Instructions for the task: Exact transcription, pictures omitted: reproduce the listing below.

Supplied information:

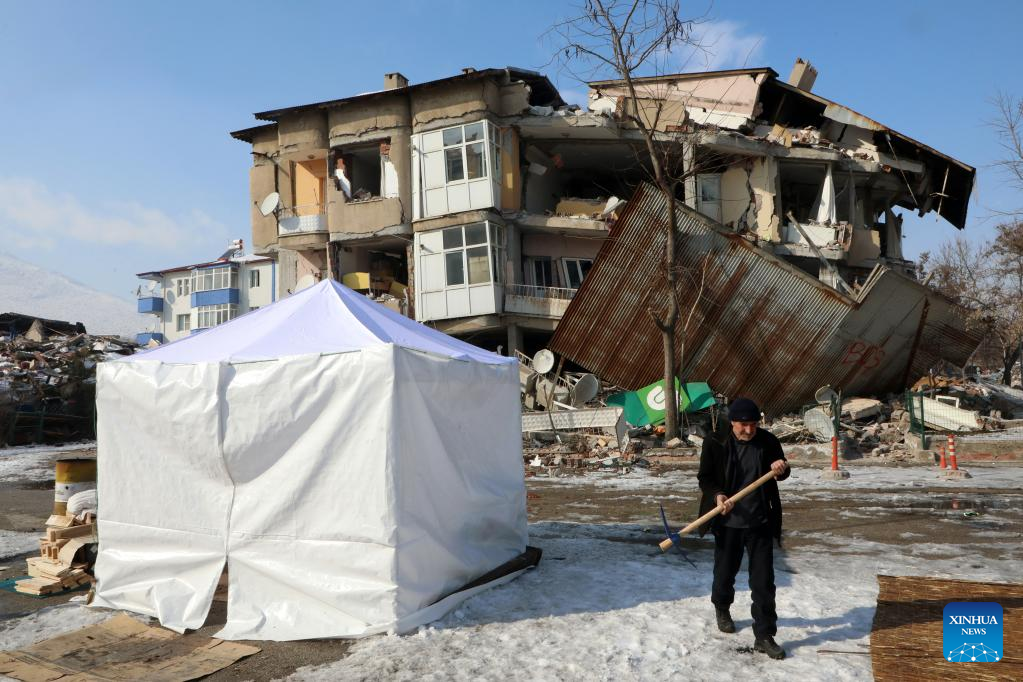 A man walks past a tent in front of a destroyed building in the quake-hit city of Kahramanmaras, Türkiye, on Feb. 24, 2023. (Photo by Mustafa Kaya/Xinhua)
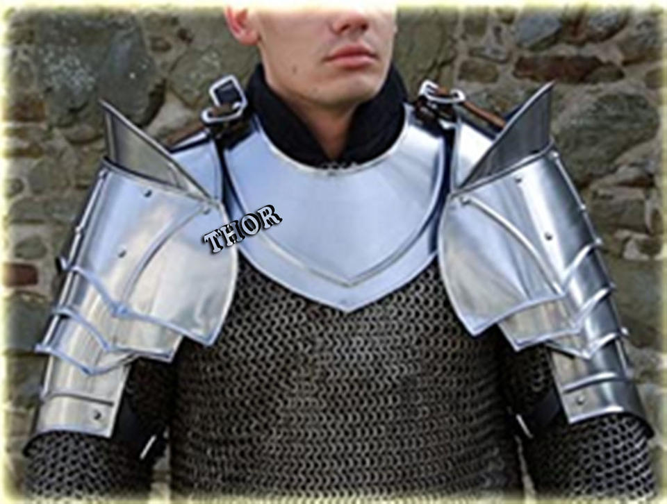 ชุดเกราะเหล็กนักรบเทมพลาร์ยุคกลาง 2 ชิ้น พร้อมแผ่นป้องกันไหล่หนัง
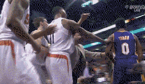 前几日泰森钱德勒在奉献了关键盖帽之后的庆祝动作是非常的霸气,有闲的蛋疼的网友把整个场景倒放,就变成了下面这样:

Answer box:
 A man walks past a tent in front of a destroyed building in the quake-hit city of Kahramanmaras, Türkiye, on Feb. 24, 2023. (Photo by Mustafa Kaya/Xinhua)
 ชุดเกราะเหล็กนักรบเทมพลาร์ยุคกลาง 2 ชิ้น พร้อมแผ่นป้องกันไหล่หนัง
 前几日泰森钱德勒在奉献了关键盖帽之后的庆祝动作是非常的霸气,有闲的蛋疼的网友把整个场景倒放,就变成了下面这样:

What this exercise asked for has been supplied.